I started High School soon after my family and I arrived to the United States. I had no clue what High School was like or supposed to be like.
Before we escaped from our country, I only finished sixth grade. I spent a year in the deep south, rural area of the country in hiding to prepare for the escape and another year in a refugee camp. I did nothing but fooling around. To think about it, even when I was still in school, I did nothing. I don't remember studying much. I do remember isolating myself from the other kids, though. I do remember noticing I was different from them. I didn't know what was different, but I knew I was different.
I was not bullied by the others, though. I guess they respected me because I was smart or, at least, smarter than they. Or, maybe I just didn't give a damn if they teased me.
Anyway, that confidence didn't last when I had to take P.E. in tenth grade. I had no clue what P.E. was. On the first day, the butchy, probably lesbian teacher made me play softball. Unfortunately, I was the first one to bat. I didn't know why she picked me first; maybe it was because I was a tiny kid...who knew. Suddenly, some kid threw a ball at me. Then, a whole bunch of the other kids yelled...hit, hit, hit!!! What the heck? So, the kid threw it another time. This time, I hit the ball pretty far. And I stood right there...
So...the butchy teacher came over and grabbed my shirt at the collar and yelled, whatever it was...I had no clue and was taken by surprise.
She probably yelled, "What the F are you thinking?" Well, what the F were you thinking, butchy female P.E. teacher? I was fresh out of the boat...literally...I was one of those boat people! In my country, the communitsts threw grenades! In my country, I used to sell candies and bananas since age eight to help my family. How the heck was I supposed to know what softball was?

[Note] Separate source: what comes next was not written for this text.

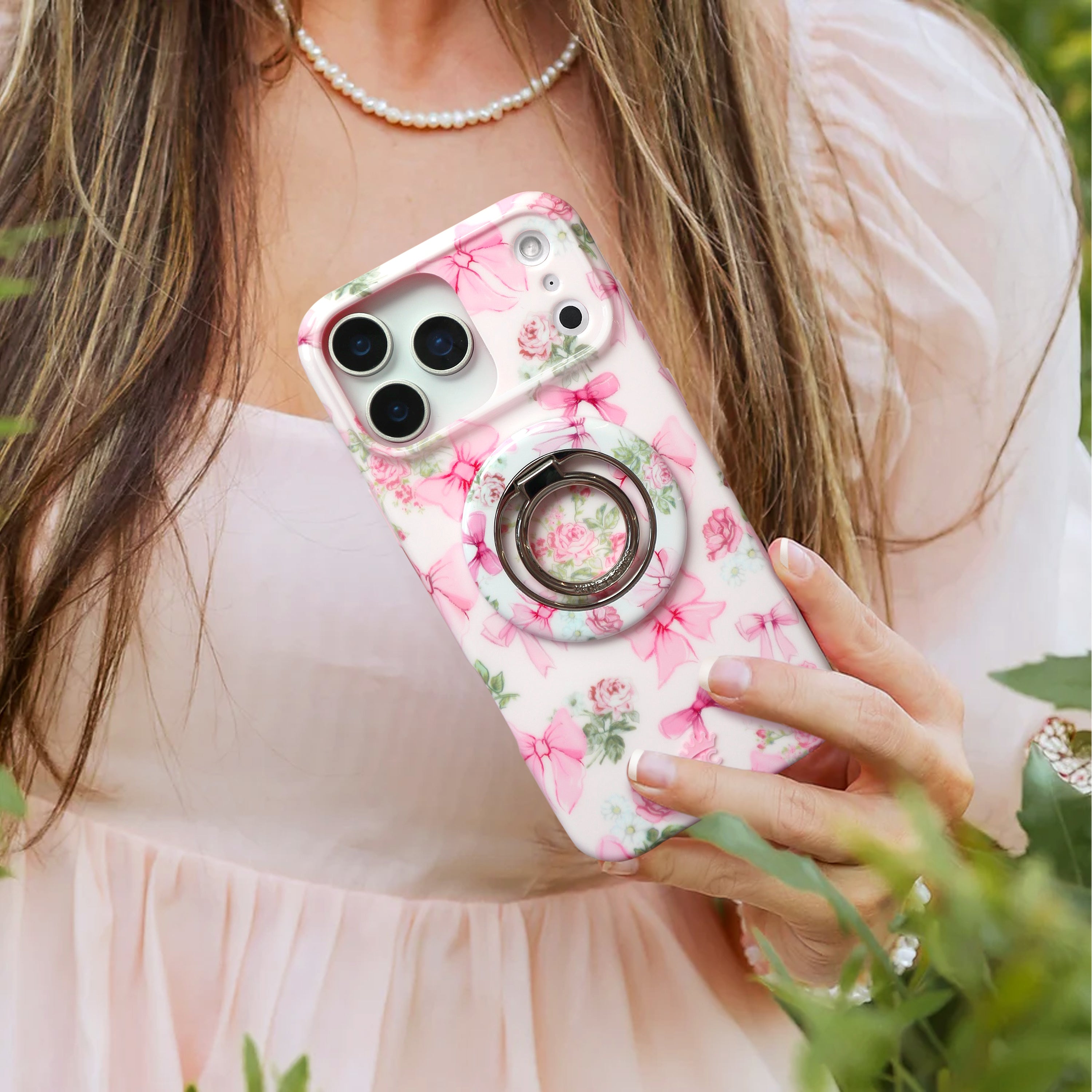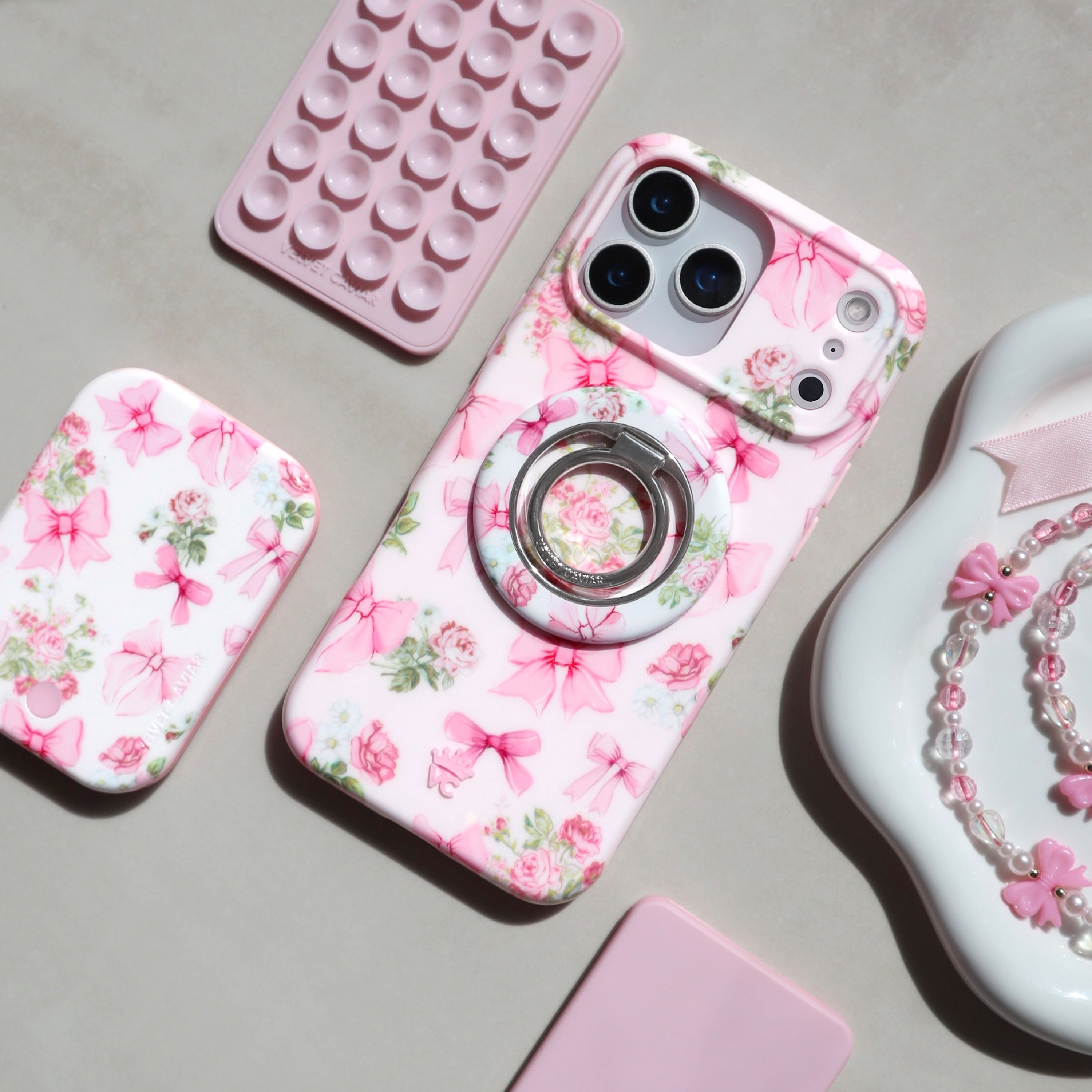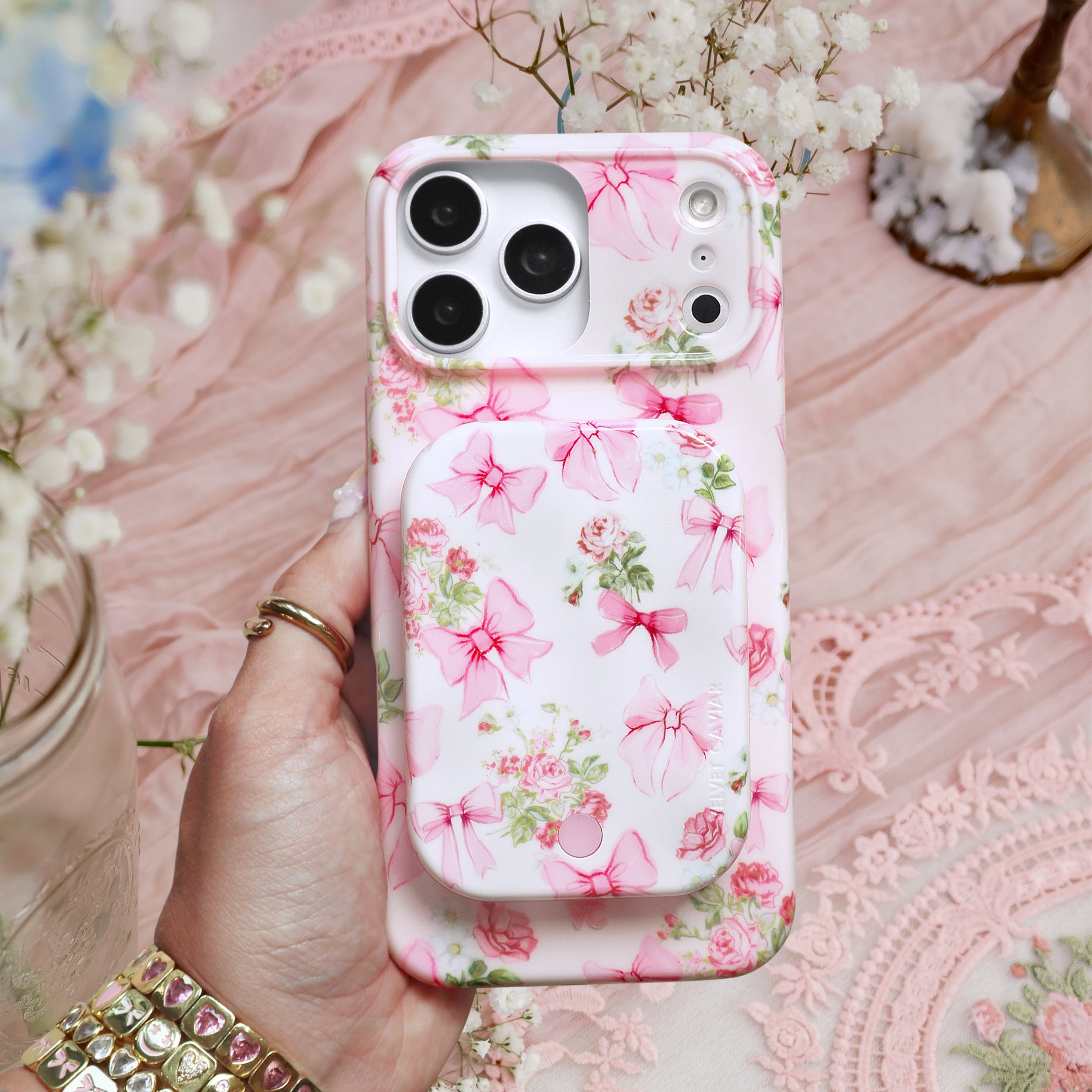 Coquette Core! This protective case features an array of romantic hand drawn bows and bouquets on a glossy pale pink base.

Anyway, that was the least of my concern during P.E. If I had no problem getting straight A's in all of my other classes, I didn't think it would have been possible for some softball games to bring my GPA down. My concern was my smooth body and hairless legs!
The Whites had hair; the Blacks had hair; the Hispanics had hair. My legs had no hair! AND my mom didn't have the money to get me a pair of sweat pants to hide them. My P.E. shorts were from my cousin. Why didn't he wear sweat pants before and hand them down to me? Every morning, for two years, I had to show my hairless legs!!! I was so conscious about it. I was horrified. I was so scared that one morning some kid would notice my legs and know I was gay. I thought my body was smooth because I was gay.
Have you ever prayed for hair to grow on your body? I know people do pray for hair to grow on their head but never on their body! Well, I did! I did for the longest time.
It is horrible how people keep on making assumptions and, therefore, torture themselves and other people. The butchy female P.E. teacher assumed I knew what softball was and acted in a very un-lady like manner. I assumed I didn't have hair on my body because I was gay and tortured myself for a long time. I assumed, I assumed, and I assumed many things about my being gay. At the end of the day, I locked myself within my own box, my own prison. I only came out to act, to play the main character of my own play...at all times, worrying that I would slip or forget my lines, not knowing when the play would end.
Today, the play has ended. And I am glad I have a smooth body.